Elastic reported third‑quarter fiscal 2026 revenue of $450 million, an 18% year‑over‑year increase from $382 million in the same period a year earlier. Non‑GAAP diluted earnings per share rose to $0.73 from $0.63, beating the consensus estimate of $0.64 by $0.09. The revenue lift was driven by a 21% jump in subscription‑based sales, reflecting strong demand for the company’s AI‑powered search and observability solutions and a growing customer base of over 3,000 enterprises using its platform for AI use cases.
The company’s subscription business continued to expand, with sales‑led subscription revenue up 21% YoY. Elastic’s positioning as “The Search AI Company” has resonated with customers seeking real‑time context for large‑language‑model applications, and the company’s hybrid cloud flexibility has helped it displace legacy vendors in key markets. Management noted that “Elastic delivered yet another outstanding quarter, beating the high end of guidance across all key metrics and showcasing the power of our platform and our business model.”
Elastic completed a $186 million share‑repurchase program during the quarter, buying back approximately 2.4 million ordinary shares at an average price of $76.92 per share.

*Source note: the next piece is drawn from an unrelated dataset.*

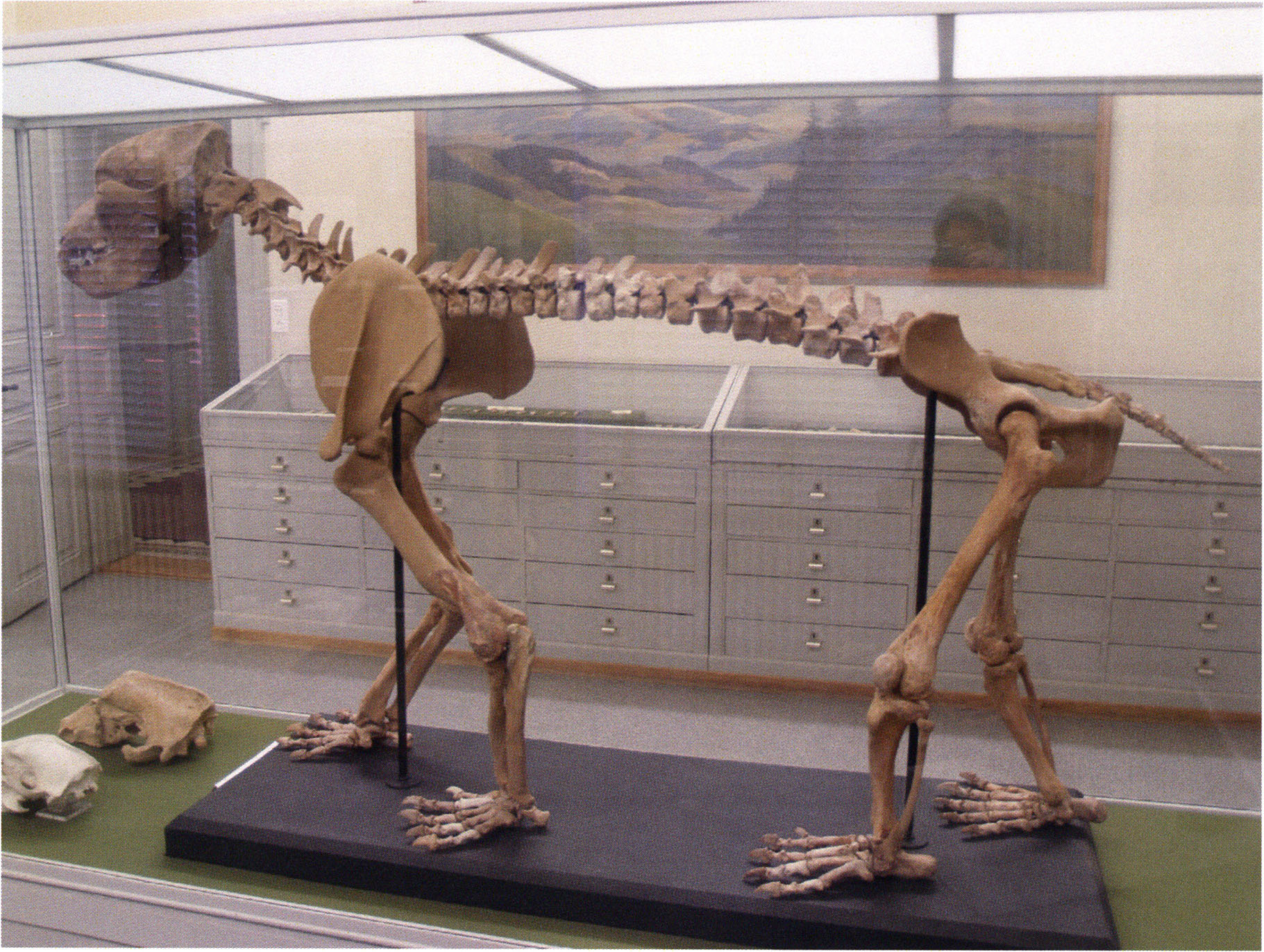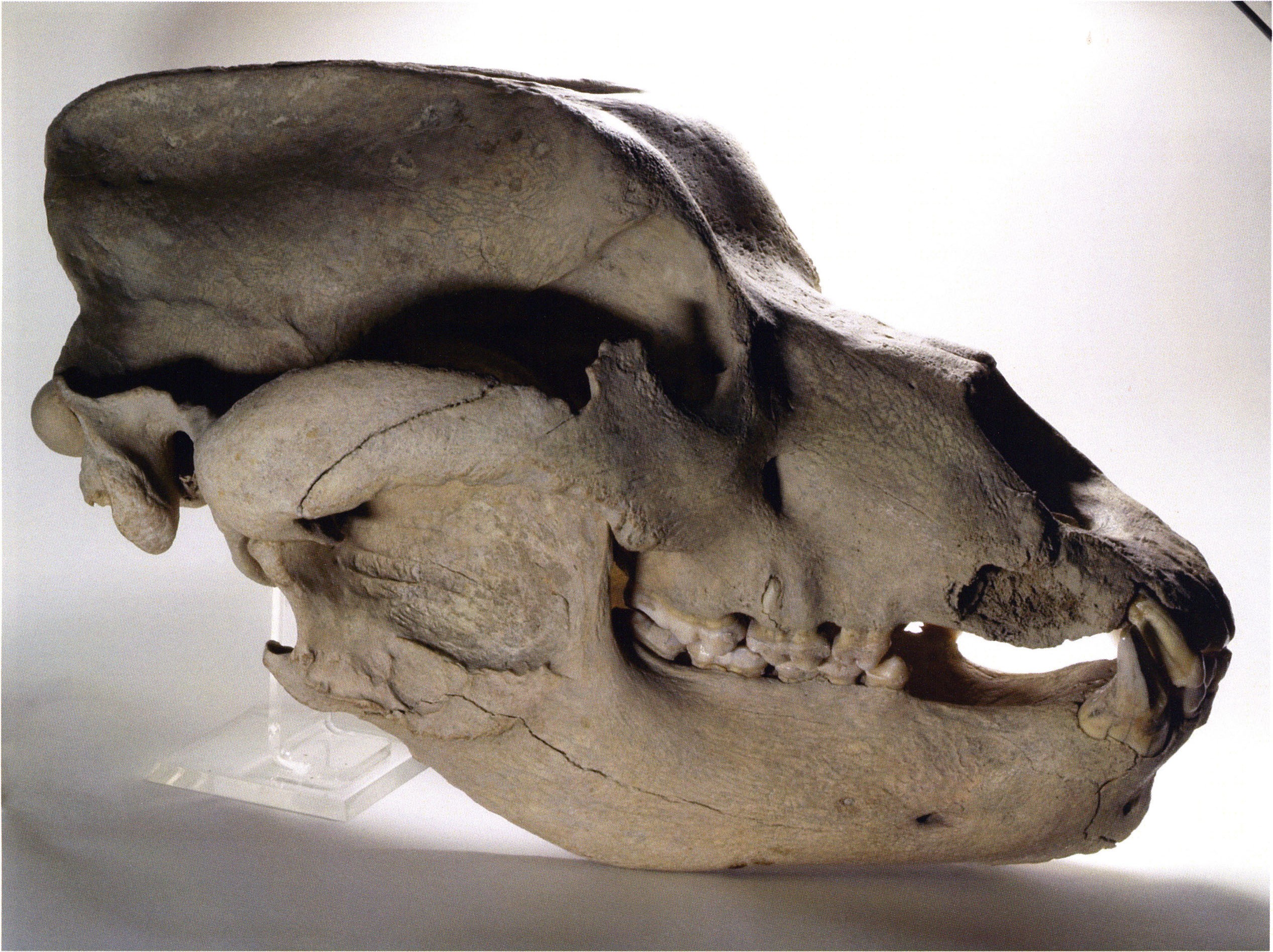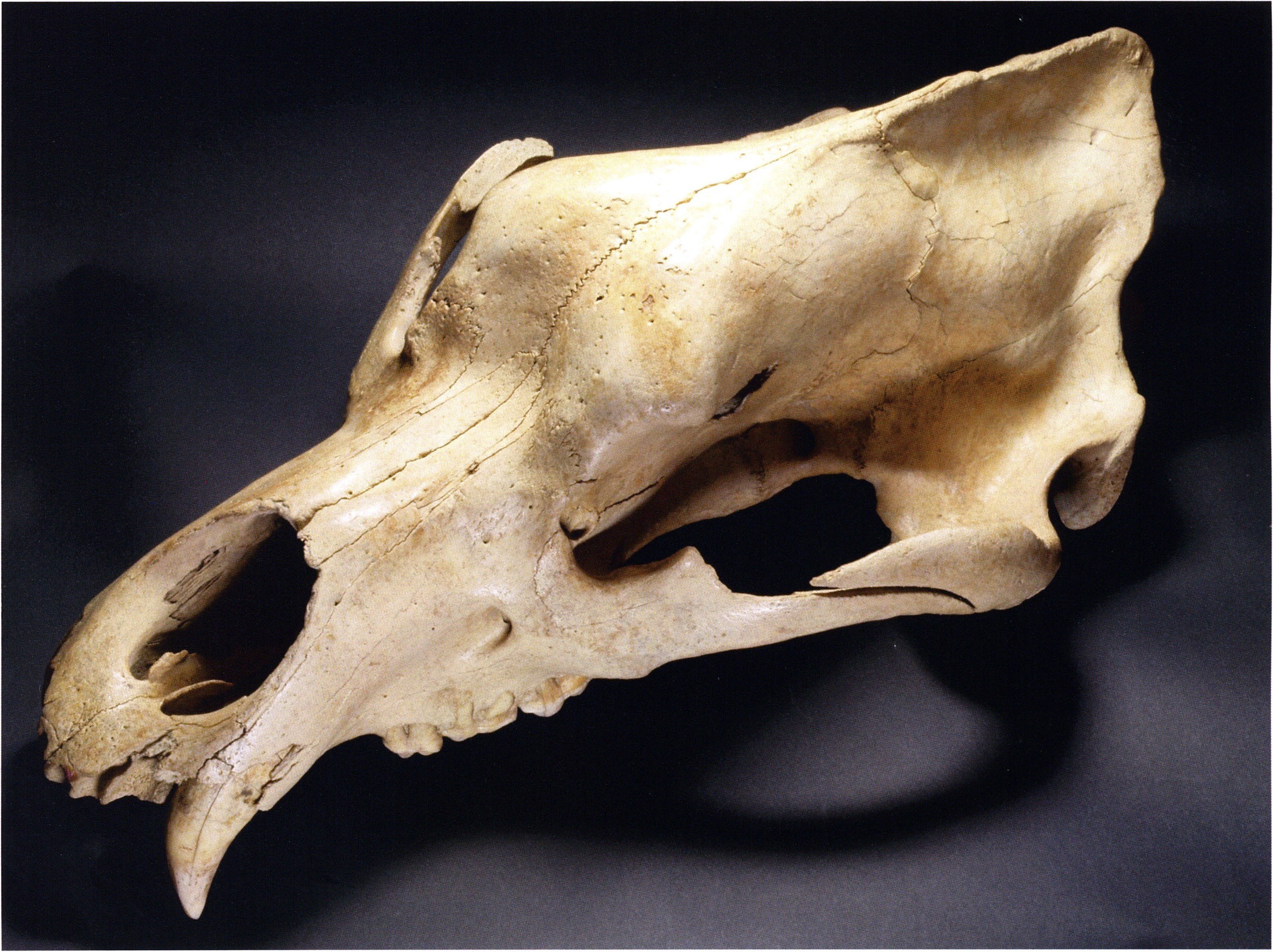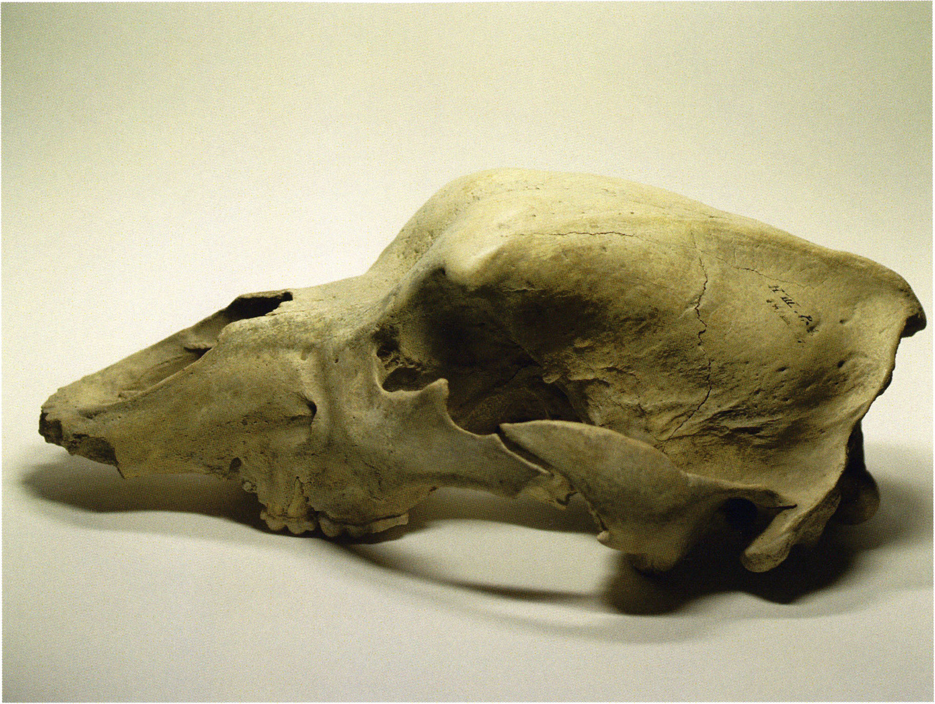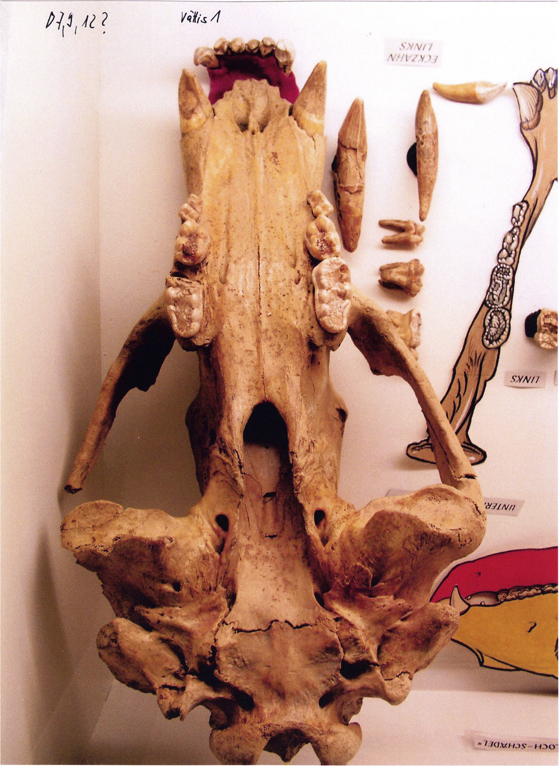 Heinz Bächler describes it on the cited sheet as a "very juvenile and very small skull" and assigns it to the very first age class I a: "molars without any trace of wear," ¾ to 1½ years old. (For palaeontologists: "sutura parieto-occipitalis still traceable above the sagittal crest — the suture between the skull parts above the crown!") — Its profile length he measures as 318 mm. (Bächler 1940, pp. 191 f.)

The program now represents 60% of the company’s $500 million share‑repurchase plan and underscores confidence in the business’s cash‑flow generation. The company also achieved GAAP profitability for the first time in nine years, a milestone that signals improved cost discipline and operational leverage.
For the full fiscal year 2026, Elastic raised its revenue guidance to $1.734 billion–$1.736 billion, up from the prior range of $1.734 billion–$1.736 billion, and lifted its non‑GAAP operating margin guidance to 16.3% from 15.5%. Q4 fiscal 2026 revenue guidance was set at $445 million–$447 million, reflecting a modest sequential increase. These guidance adjustments indicate management’s confidence in sustained demand for AI‑enabled services while acknowledging a slight slowdown in the fourth quarter.
Elastic’s earnings beat and guidance highlight the company’s strong execution, growing subscription mix, and effective cost control. The results reinforce the narrative that Elastic’s AI‑centric strategy is driving revenue growth and margin expansion, positioning the company for continued success in the evolving data‑platform market.